- _WHAT TO DO_
The listing is to be returned word for word, without its images.

- _DATA SEGMENT_
* * *

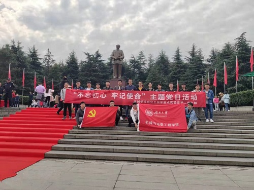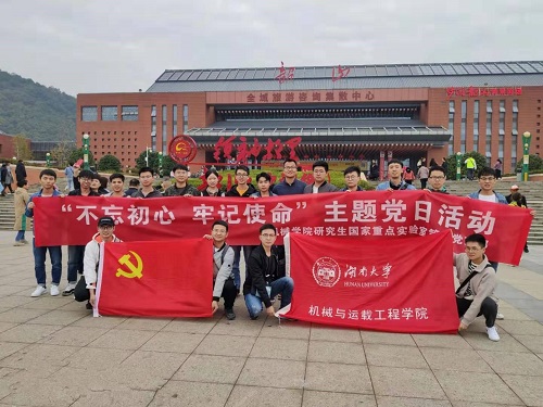 2019年11月16日,机械院研究生国家重点实验室第二党支部组织党支部全体党员前往韶山、花明楼红色教育基地,参观毛泽东、刘少奇伟人故里,开展“不忘初心,牢记使命”主题教育党日活动。
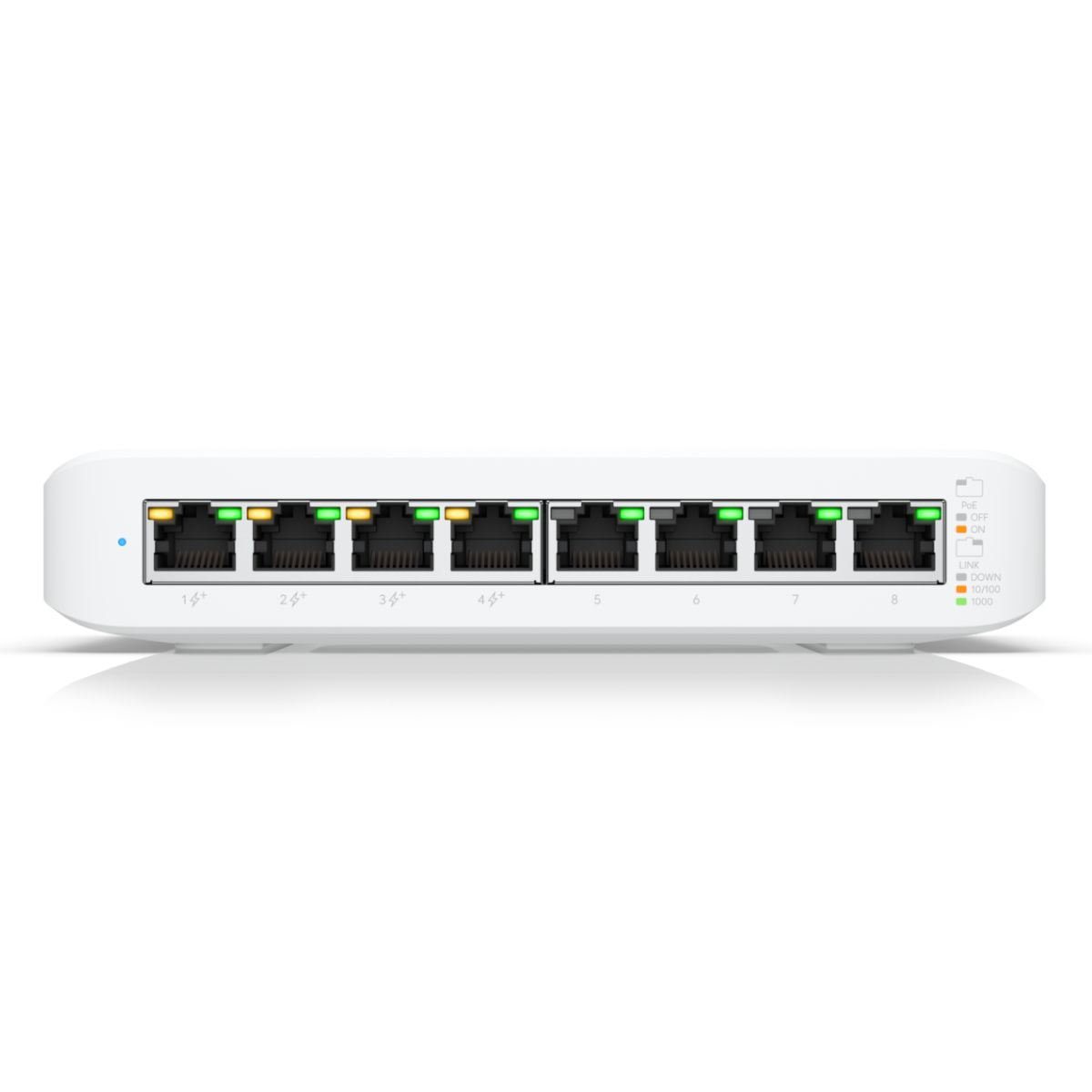 Switch Ubiquiti- USW-LITE-8 - 8 Puertos RJ-45 (4 Puertos PoE+) 1G/100M/10M - Conmutación: 16 Gbps - Rendimiento: 8 Gbps - Tasa de reenvío: 12 Mpps - Administrado - Capa 2
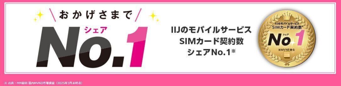大手回線を借りて格安な通信を提供している会社を「MVNO」といいますが、そのMVNOの市場の中でシェアNo.1※なのが「IIJmio」。

* * *

- _SOLUTION TO THE EXERCISE_
 2019年11月16日,机械院研究生国家重点实验室第二党支部组织党支部全体党员前往韶山、花明楼红色教育基地,参观毛泽东、刘少奇伟人故里,开展“不忘初心,牢记使命”主题教育党日活动。
 Switch Ubiquiti- USW-LITE-8 - 8 Puertos RJ-45 (4 Puertos PoE+) 1G/100M/10M - Conmutación: 16 Gbps - Rendimiento: 8 Gbps - Tasa de reenvío: 12 Mpps - Administrado - Capa 2
大手回線を借りて格安な通信を提供している会社を「MVNO」といいますが、そのMVNOの市場の中でシェアNo.1※なのが「IIJmio」。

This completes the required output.